The shit’s going to hit the fan
was what she didn’t say, because she didn’t want Nick to scold her again for swearing. At the moment, she wasn’t in the mood to annoy Nick.

“So? You’re getting a divorce.” It was a flat, blunt statement that left no room for argument.

Maggy said nothing. She could feel him tensing.

“Damn it, Magdalena, you can’t even be considering going back to that bastard! I forbid it, do you hear?”

Despite everything, that made her smile. “You always were bossy.”

His arms dropped away from her waist. Watching his hands grip the arms of the chair until his knuckles turned white, Maggy guessed that he had released her because he could no longer trust himself to keep his hold on her gentle. Beneath her back and thighs, she could feel his body stiffening with anger. So much for not wanting to
annoy him. She didn’t even have to say a word to do it, because he knew what she was thinking. He knew her too darned well.

Her head still lolled against his shoulder, and she turned it just in time to watch bright scarlet color creep high into his cheekbones and the tips of his ears. That, in her experience, meant Nick was starting to get really, really mad.

“I’ll give you a choice,” he said, his gaze sluing down to her face. “You get a divorce, or you get widowed. It’s as simple as that.”

“Nick,” she said gently, “there’s David.”

“To hell with David!”

“Don’t say that,” she said. “Don’t ever, ever say that. He is my son.”

“And you’re his mother,” Nick said through gritted teeth. “How do you think he would feel if he could see what his father did to you? Do you think he’d want you to be beaten black and blue? If the tables were turned, if, in order to stay with you, David had to endure a vicious, violent man using him as his own personal punching bag, what would you want him to do?”

There was a pause.

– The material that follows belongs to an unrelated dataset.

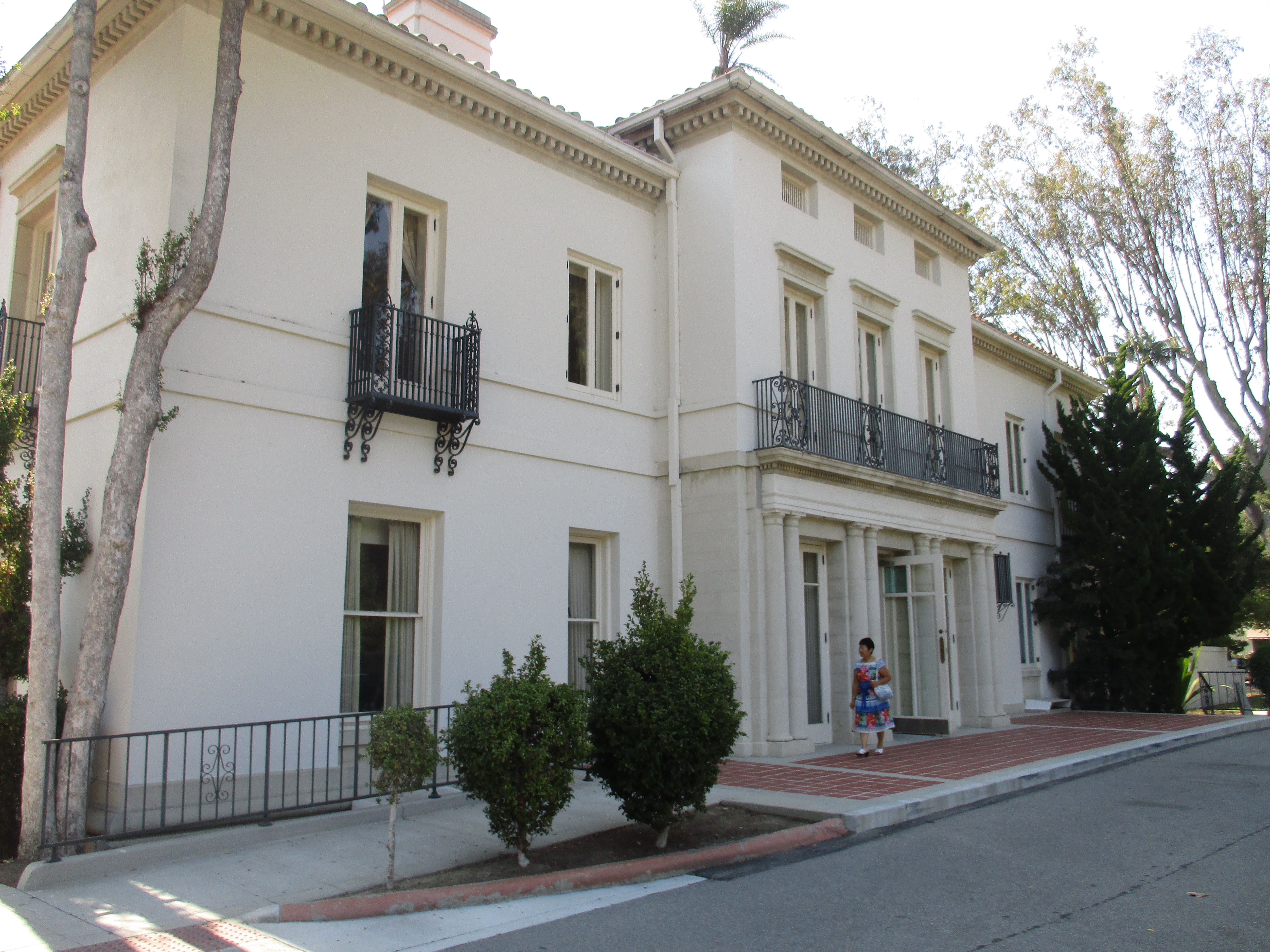 View from SE of Front of Bard Mansion at Berylwood

Maggy had never thought of it quite like that before. “That’s different.”

“Like hell it is.”

It was a measure of Nick’s agitation that he was starting to swear freely. He did so only when something really upset him. Swearing, especially in front of women, wasn’t usually one of Nick’s vices. He didn’t like to hear her swear, either. When they were kids, she used to get a kick out of memorizing the most colorful bits of profanity that came her way, just so she could use the words on him and watch him get mad.

“It’s not usually this bad. He’s only beaten me up like this once before, years and years ago. When David was little. Sometimes he’ll slap me if I do something he doesn’t like, or punch me once or twice, or twist my wrist like he did the other day, but nothing as severe as
this in years. He much prefers to control me through fear.”